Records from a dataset

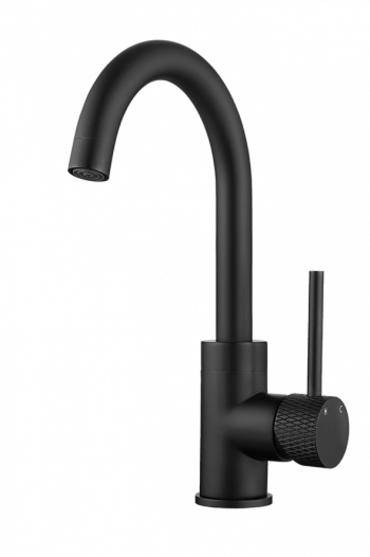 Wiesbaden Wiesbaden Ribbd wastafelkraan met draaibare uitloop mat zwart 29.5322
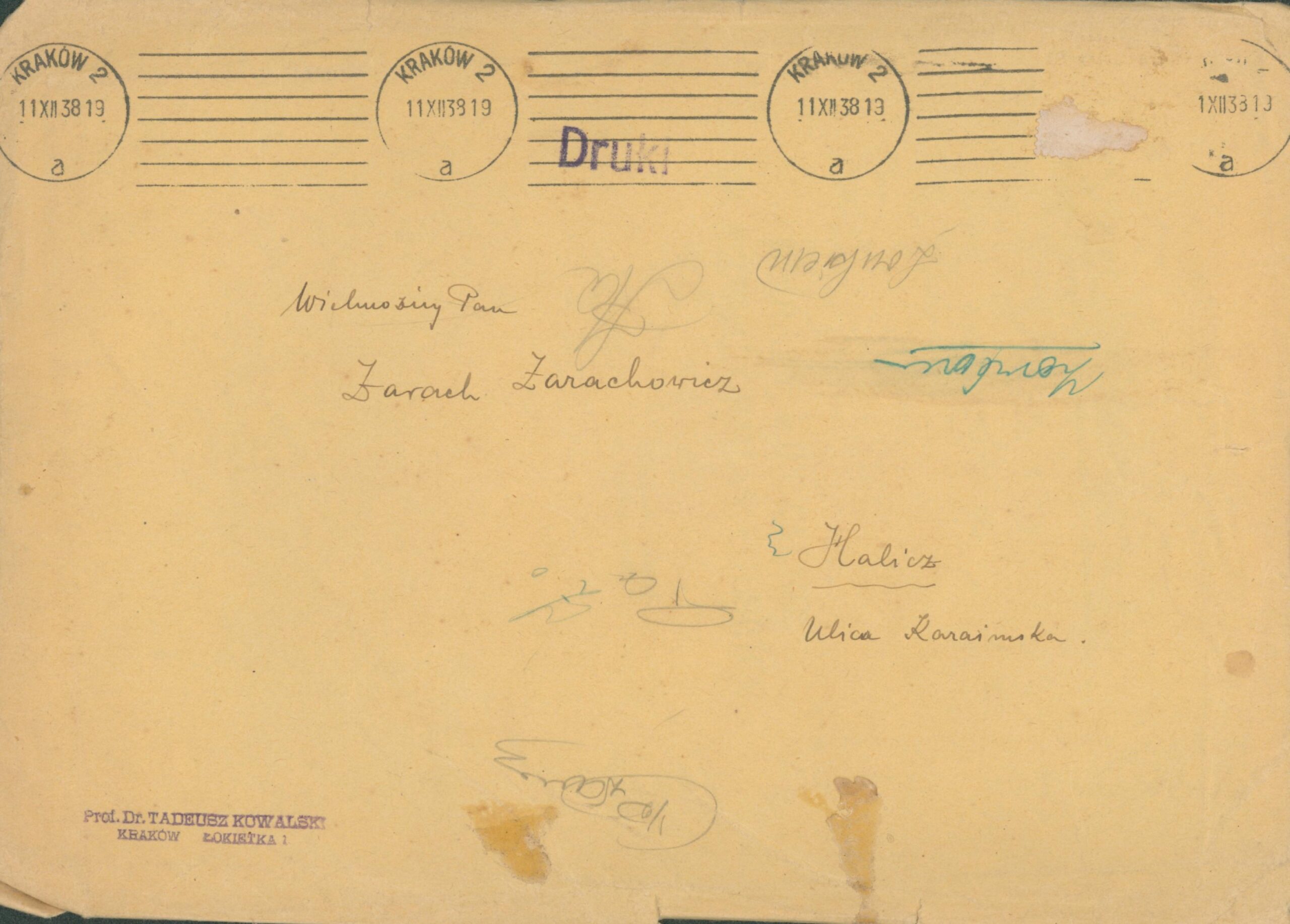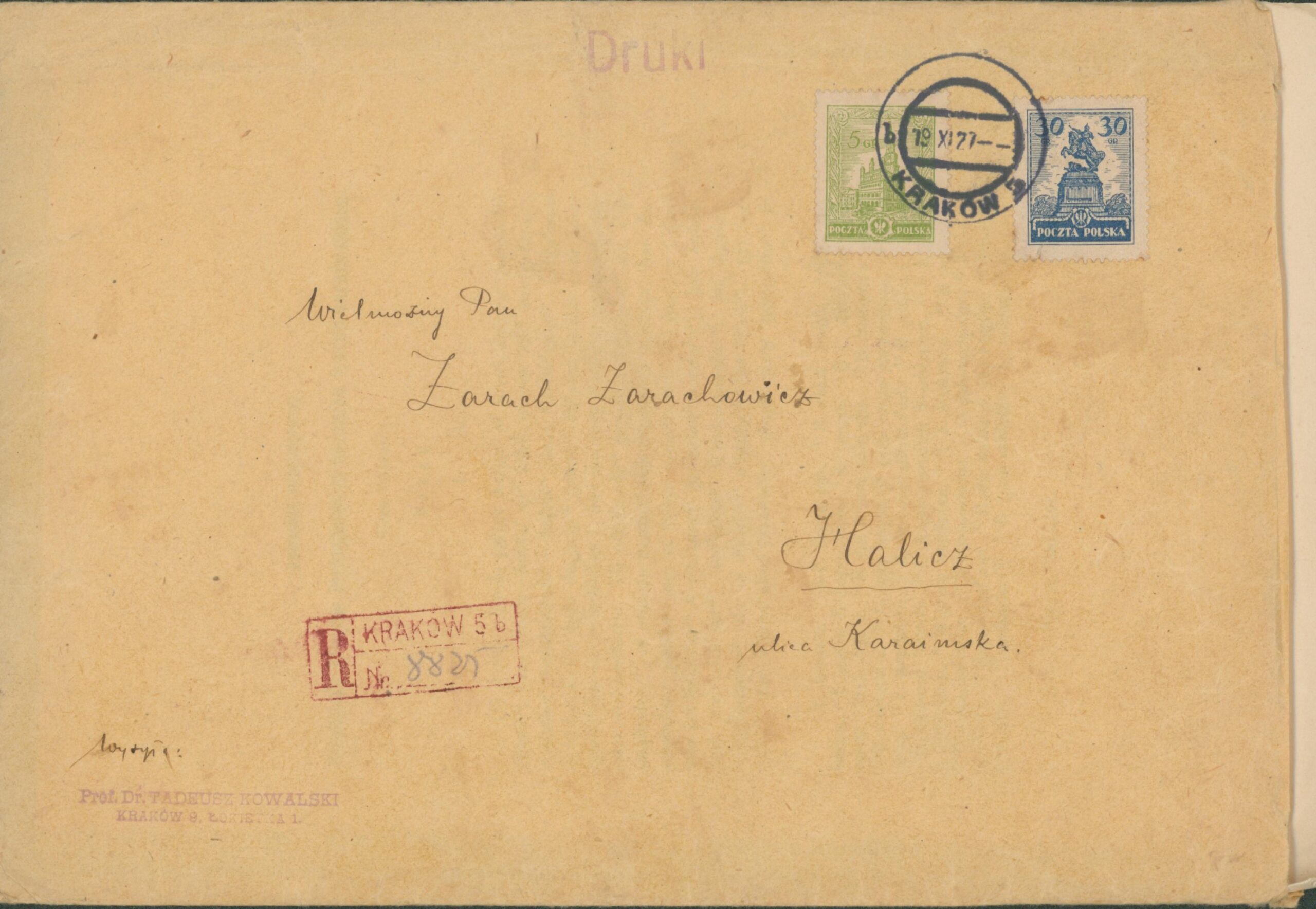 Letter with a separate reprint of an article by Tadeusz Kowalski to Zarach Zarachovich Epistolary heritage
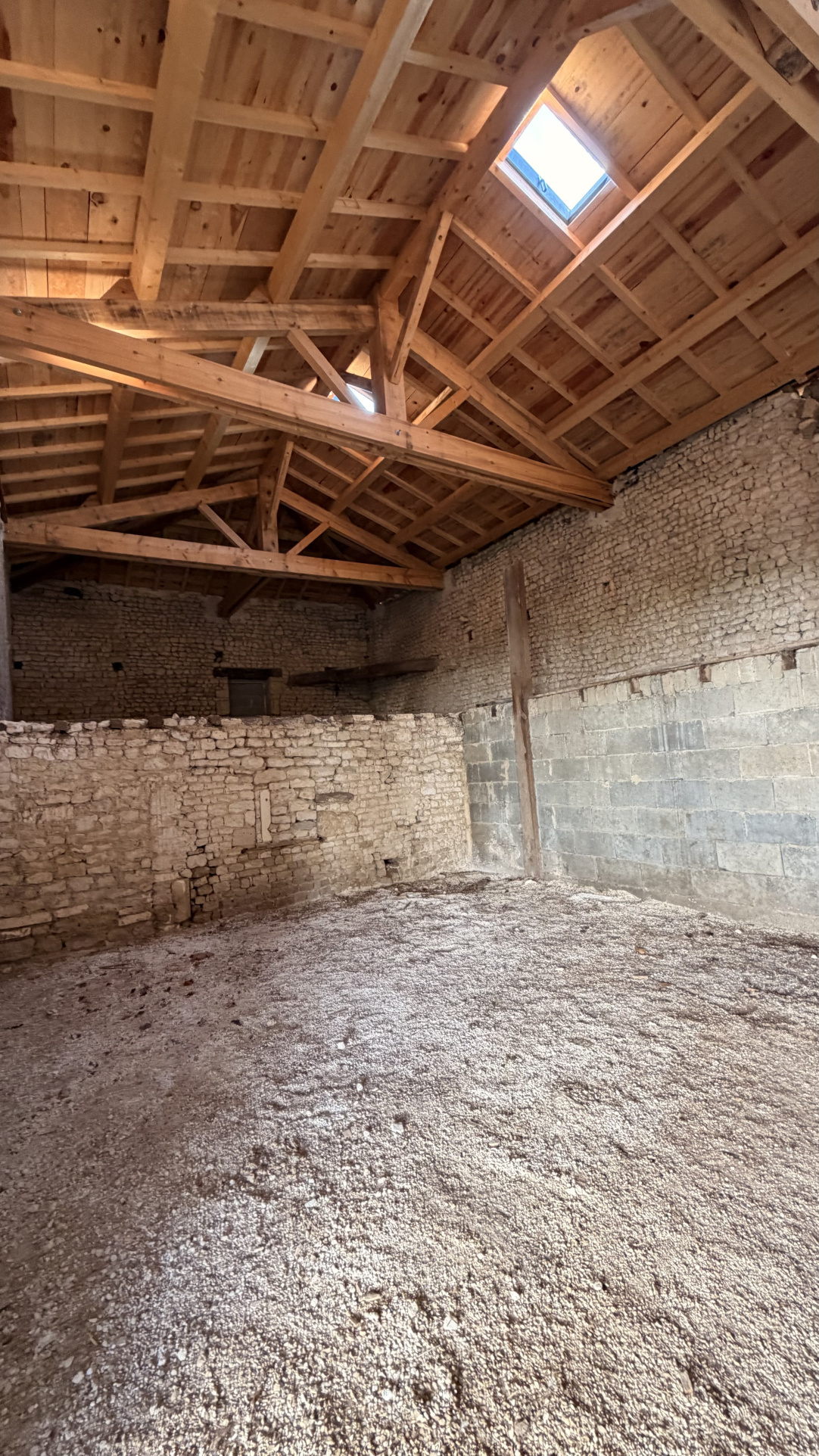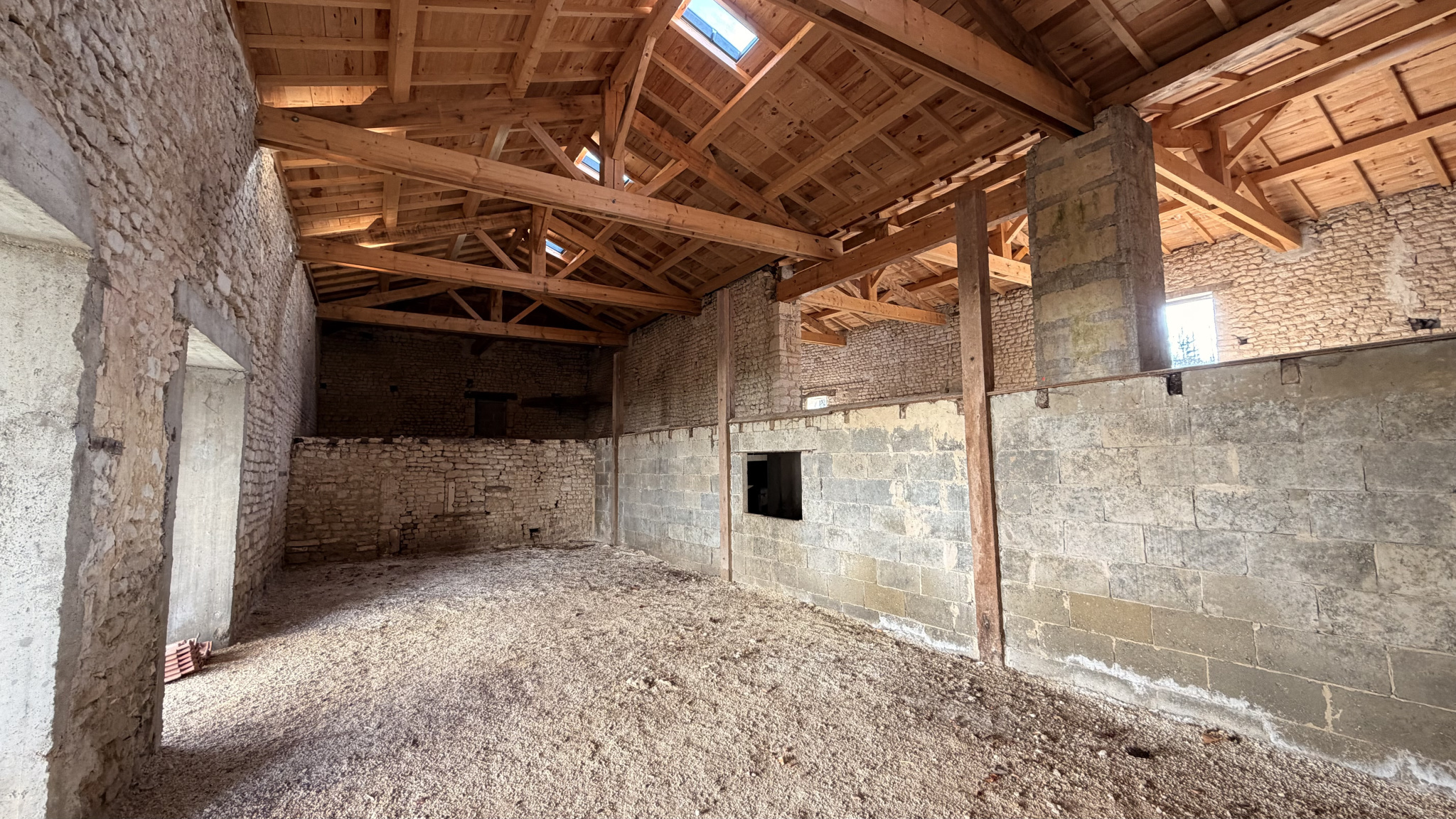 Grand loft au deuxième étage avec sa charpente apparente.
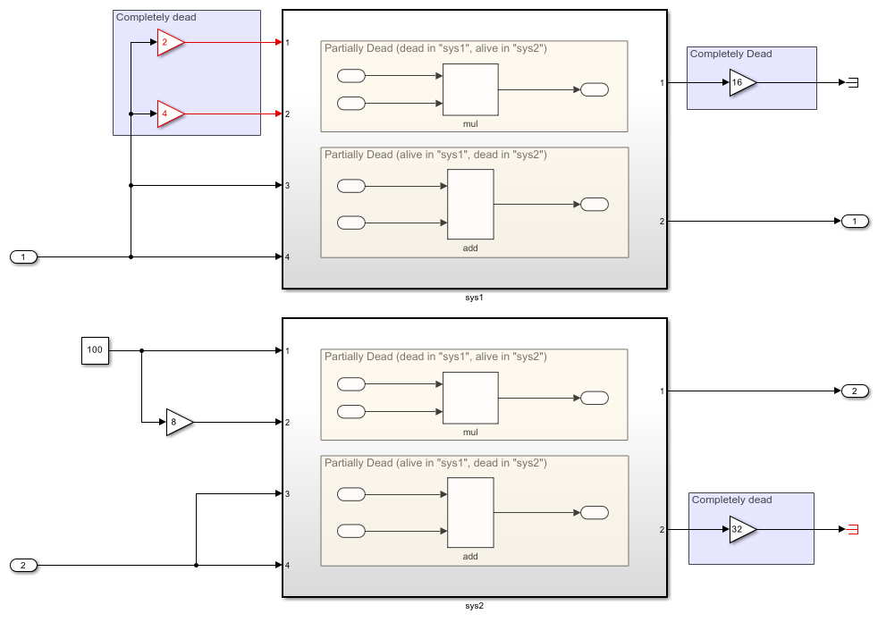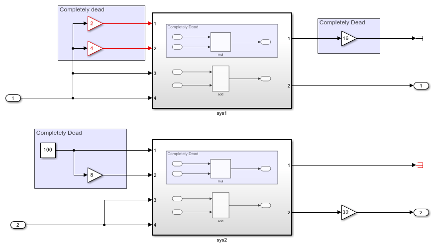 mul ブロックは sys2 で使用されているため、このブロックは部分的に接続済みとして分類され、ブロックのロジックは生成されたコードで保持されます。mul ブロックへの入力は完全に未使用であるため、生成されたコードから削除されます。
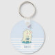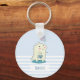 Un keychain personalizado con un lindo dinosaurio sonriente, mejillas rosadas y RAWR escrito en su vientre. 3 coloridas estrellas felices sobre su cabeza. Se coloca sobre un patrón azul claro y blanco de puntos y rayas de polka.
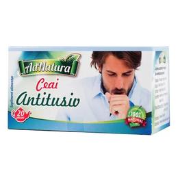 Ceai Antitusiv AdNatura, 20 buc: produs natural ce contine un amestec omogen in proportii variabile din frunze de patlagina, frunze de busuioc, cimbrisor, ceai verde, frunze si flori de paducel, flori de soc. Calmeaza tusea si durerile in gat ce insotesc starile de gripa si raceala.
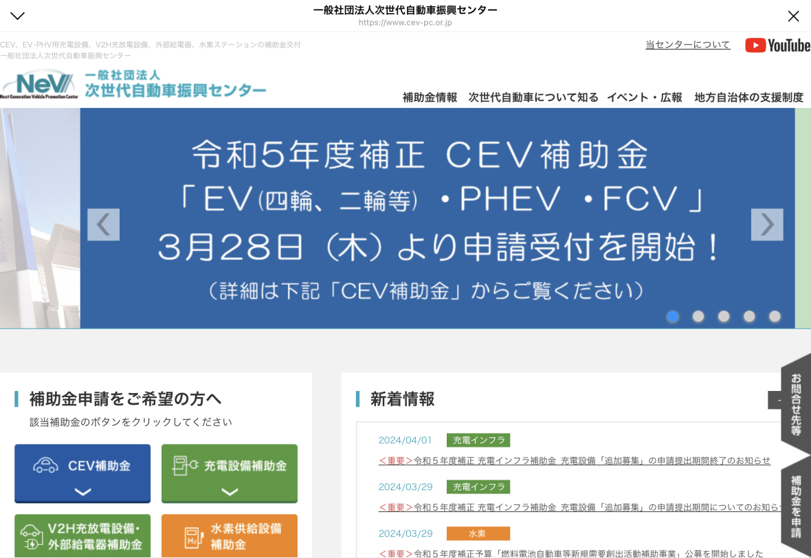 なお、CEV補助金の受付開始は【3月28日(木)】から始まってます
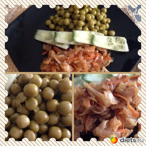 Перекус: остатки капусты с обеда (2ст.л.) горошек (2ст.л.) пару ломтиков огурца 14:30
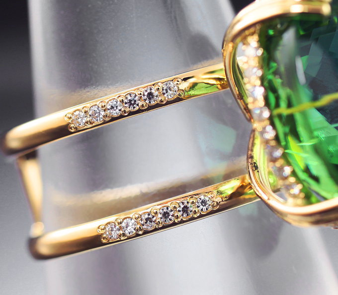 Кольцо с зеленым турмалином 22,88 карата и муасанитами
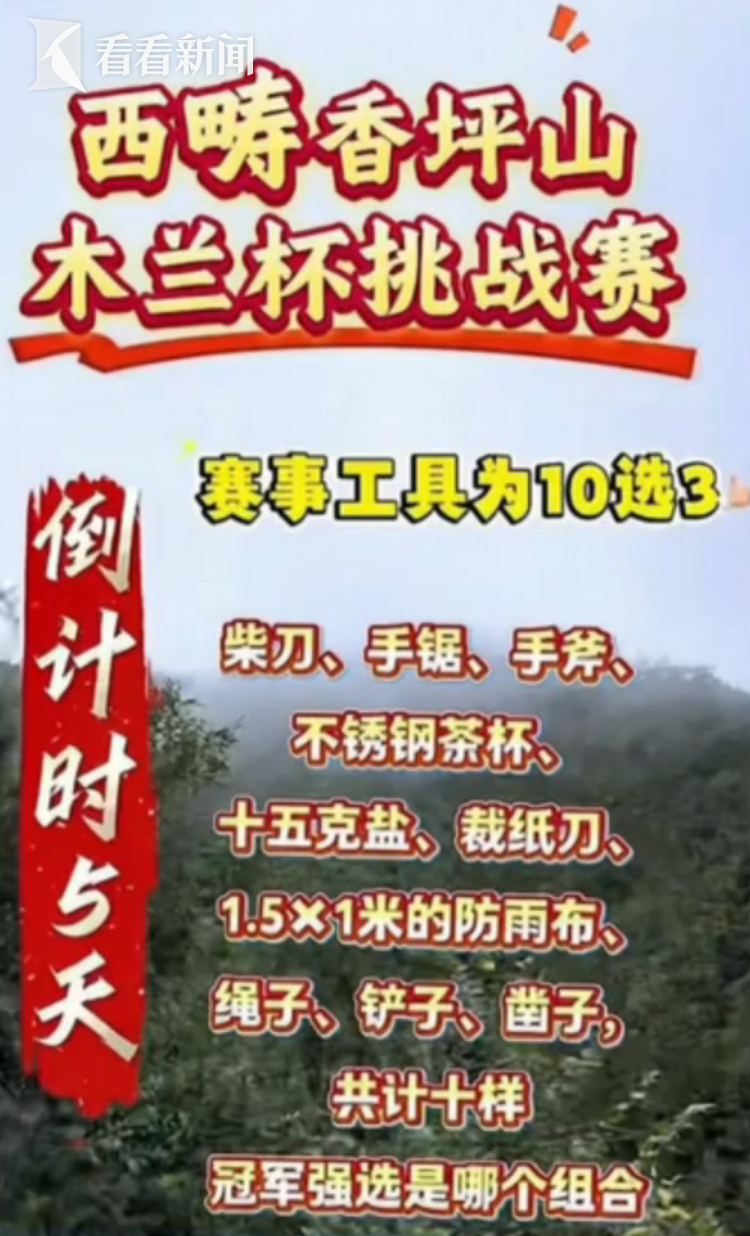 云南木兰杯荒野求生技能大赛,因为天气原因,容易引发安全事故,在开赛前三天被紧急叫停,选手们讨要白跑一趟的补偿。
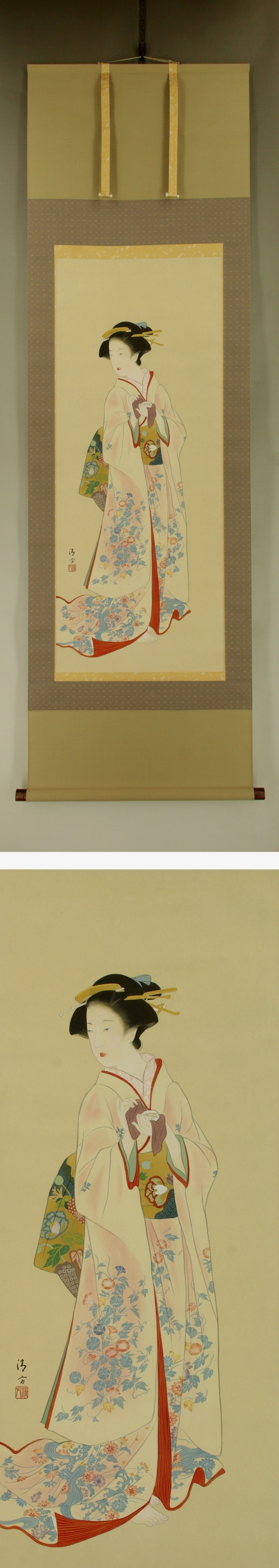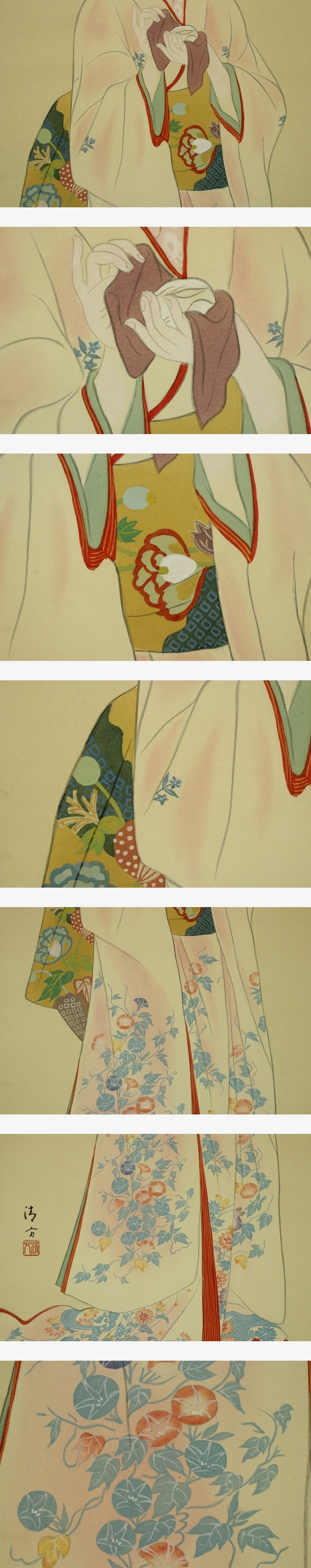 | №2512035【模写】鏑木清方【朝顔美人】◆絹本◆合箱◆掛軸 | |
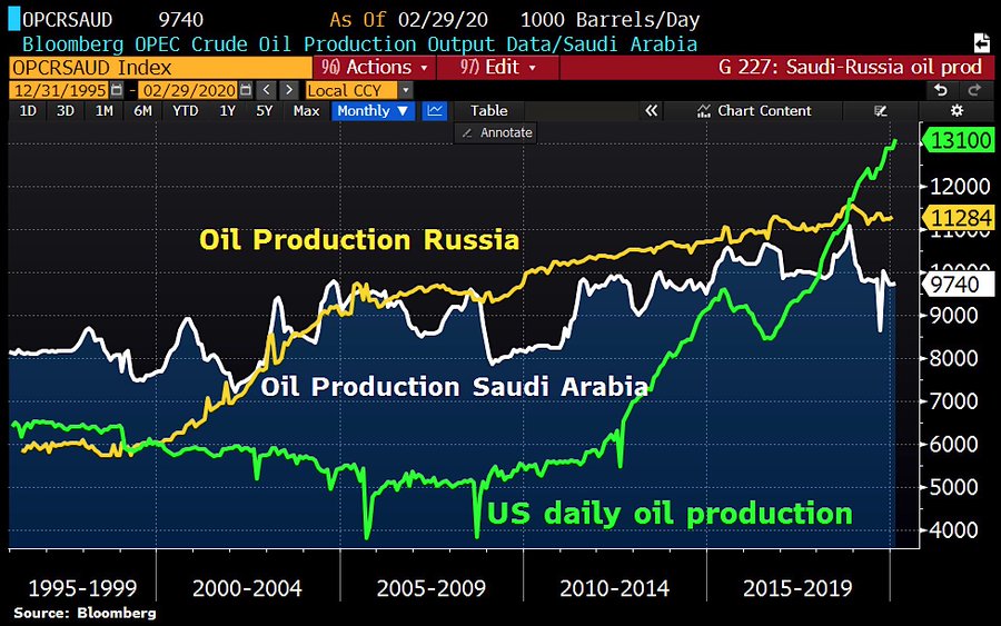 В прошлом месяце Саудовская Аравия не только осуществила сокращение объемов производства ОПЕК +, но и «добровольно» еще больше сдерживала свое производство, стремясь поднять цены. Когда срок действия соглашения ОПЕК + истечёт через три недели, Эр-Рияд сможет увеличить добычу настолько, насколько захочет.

> REQUIRED ACTION
Taking the entries above, copy word for word the lines from the one with "Letter with a" up to and including the one with "Un keychain personalizado", without any picture.

> ANSWER BOX
 Letter with a separate reprint of an article by Tadeusz Kowalski to Zarach Zarachovich Epistolary heritage
 Grand loft au deuxième étage avec sa charpente apparente.
 mul ブロックは sys2 で使用されているため、このブロックは部分的に接続済みとして分類され、ブロックのロジックは生成されたコードで保持されます。mul ブロックへの入力は完全に未使用であるため、生成されたコードから削除されます。
 Un keychain personalizado con un lindo dinosaurio sonriente, mejillas rosadas y RAWR escrito en su vientre. 3 coloridas estrellas felices sobre su cabeza. Se coloca sobre un patrón azul claro y blanco de puntos y rayas de polka.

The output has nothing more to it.